Although we did not attempt to measure it, it is our belief (and the belief of many others over the decades) that players appreciate effort put into AI if it is the right kind of effort. It is common to hear that players loved an AI’s external signs of intelligence, meaning the AI said out loud what it was thinking. Many players might not recognize or appreciate an AI that flanks them (the AI behaving intelligently), but they do appreciate when an AI explicitly shouts “let’s flank them” (the AI claiming it is behaving intelligently). In game AI, words sometimes speak louder than actions. Our experience in other games with emotional characters suggests players react strongly to NPCs that cry, laugh, shiver, and otherwise outwardly show signs of thinking. We suspect that if we had included an AI that said before each attack “attack the wolves, their speed is a threat to us” or “we can finish off that giant, everyone focus on him,” it would have been perceived as significantly more intelligent than the others. We think players appreciate intelligence; the tests here simply indicate that they do not seem to be very good at recognizing it. Perhaps the lesson to take away is that it is the AI designer’s job to make sure they do not miss it.

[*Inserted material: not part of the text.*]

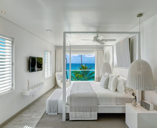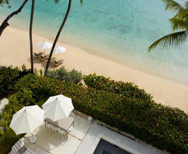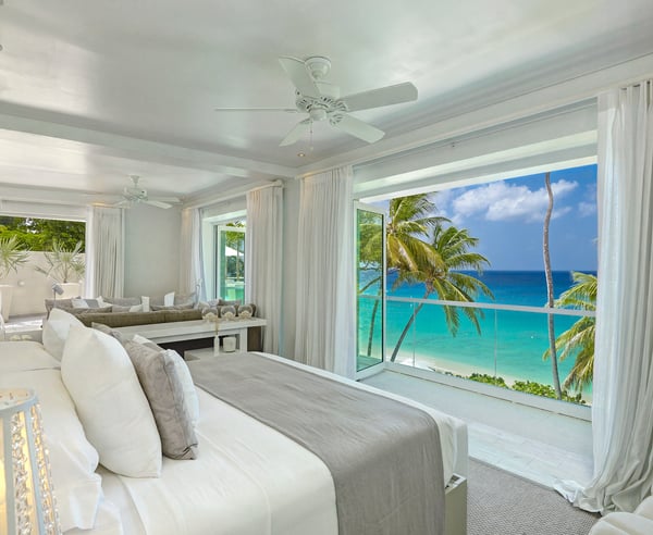 Please note: The beach experiences seasonal fluctuations in its accessibility. Step inside a modern luxury vacation rental on Barbados' best beaches. Footprints offer contemporary design, premium creature comforts, and 5-star service. Enjoy a private infinity-edge pool, a beach-side wading pool, and a fantastic white sand beach. Dine with a view of the sunset from the terrace without lifting a finger. Footprints is a luxury villa rental set on 12,000 sq. ft. of beachfront land. It features 5 contemporary suites in the main house for up to 10 guests and can be rented with one of the two 3-bedroom cottages located just across the street, accommodating up to a total of 16 people. The main house has tranquil neutral décor with pops of color, iconic portraits, and various living areas. The ensuite bedrooms have soothing tones, sleek finishes, and marble tiling. The master bedroom features floor-to-ceiling windows, a rain shower, and sea views. Amenities include a roof deck tub, gym, cinema, wine chiller, private terraces, two pools, and a wet bar for outdoor relaxation.

What makes a game fun, at least when it comes to an AI opponent? We do not know. In this experiment, how much the player enjoyed playing a particular AI opponent did not correlate with actual or perceived difficulty or intelligence, nor did it correlate with how realistic the opponent was considered. It also did not correlate with the player’s ability to recognize, understand, or appreciate the AI’s strategy because the players could not. Hustling AIs that tried to give the player a chance to win without letting them know are placed in the top two spots for fun AI, but hustlers are also placed in two of the three bottom spots so it clearly is not that. It truly surprised us that a random AI tied for second as the most fun AI. Our initial thought was that the game we used must be poorly designed if a random AI is seen as just as viable as purposeful ones, but we reminded ourselves that our test bed is based on one of the most popular games in history.
This brings us to our final observation–players invent stories for the nonplayer-controlled characters in the game. They see cheating, bias, motivations, and desires where none exist. And while we did not capture it in our spreadsheets, anecdotally it seemed that players enjoyed the game more when they felt their opponent had that level of personality. If we wanted the player to have more fun, perhaps we should worry less about optimizing the AI for winning and worry more about giving it the appearance of desires, motivations, biases, and back stories.